To call what happened in the 1970s a ‘transformation’ is a diplomatic description of one of the greatest architectural crimes committed against Prague in the 20th century. Communist central planners took one of the city’s finest art nouveau buildings – the work of architect Josef Fanta, who redesigned the original Franz Josef station in 1909 – and drove a six-lane motorway right in front of it. Underneath it, they built a nightmarish new hall lined with futuristic red metal panels, the low ceilings creating a fair impression of hell, its garish walls coated with grease from fast food stands selling sausages.

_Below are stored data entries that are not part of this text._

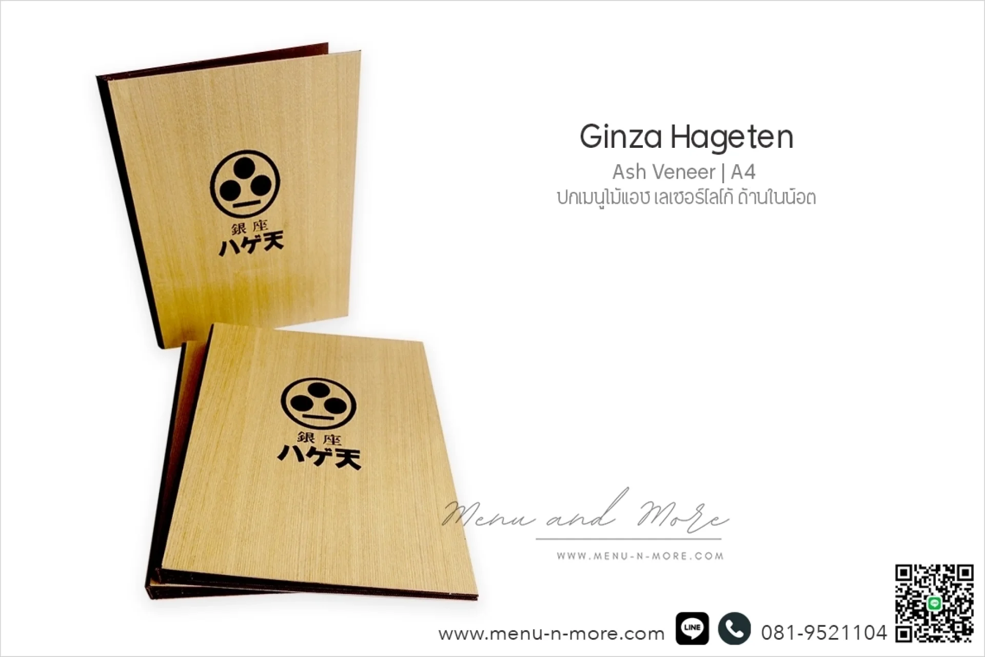 แฟ้มเมนูสั่งทำพิเศษจาก Menu and More สลักชื่อร้านด้วยเลเซอร์ มีไม้ให้เลือกถึง 10 แบบ
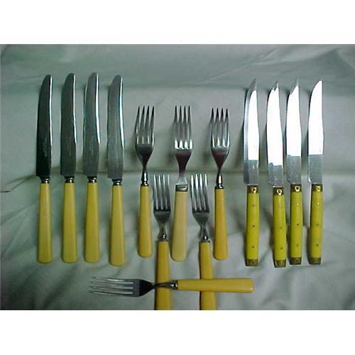 <tr><td>Title:Stainless Flatware with Celluloid - Set of 14</td></tr>
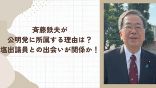 芸能 斉藤鉄夫が公明党に所属する理由は?塩出議員との出会いが関係か! 斉藤鉄夫氏は公明党に所属する衆議院議員です。 彼は、30年以上公明党の一員として国土交通大臣や環境大臣、党の副代表や幹事長など要職を歴任していた重鎮として存在しています。 そんな彼について知りたいと思う人は少なくないです。 今回は、 公明党... 2025.10.11 2025.10.12 芸能
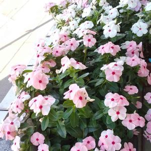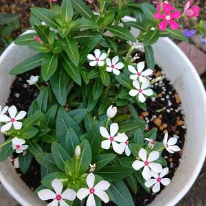 我が家の日々草 消えたと思ってた藤色が咲き 白は2種とも元気💞 長いことありがとうね~

The hot dog stands and the unpleasant odours are now gone, replaced by swanky boutiques and fast food outlets. The red panels have been spruced up, and now give off a pleasant, warm light. Outside the station, however, the park once dubbed ‘Sherwood’ for the chances of being mugged in it is still there, and it’s still rather seedy. So what will happen to it? Grandi Stazioni’s Martin Hamšík spoke to Czech Radio’s Jaroslav Skalický:
“We’re not actually responsible for the park itself, but we are working very closely with Prague 1 City Council, which has promised to renovate the park. This is so important, because when a traveller or tourist arrives and sees a beautifully restored station and then walks out into a park which isn’t too nice to look at, it’s not a very good calling card for the city.”
Grandi Stazioni will collect rent on Hlavní nádraží for the next thirty years, a lucrative prospect as the 64 shops and restaurants will serve 100,000 passengers each day. After the main hall the next step is to renovating the art nouveau Fanta’s Cafe, once the ticket office. The six-lane highway, however, will stay for now – a proposal to put the whole stretch of road underground was deemed too expensive.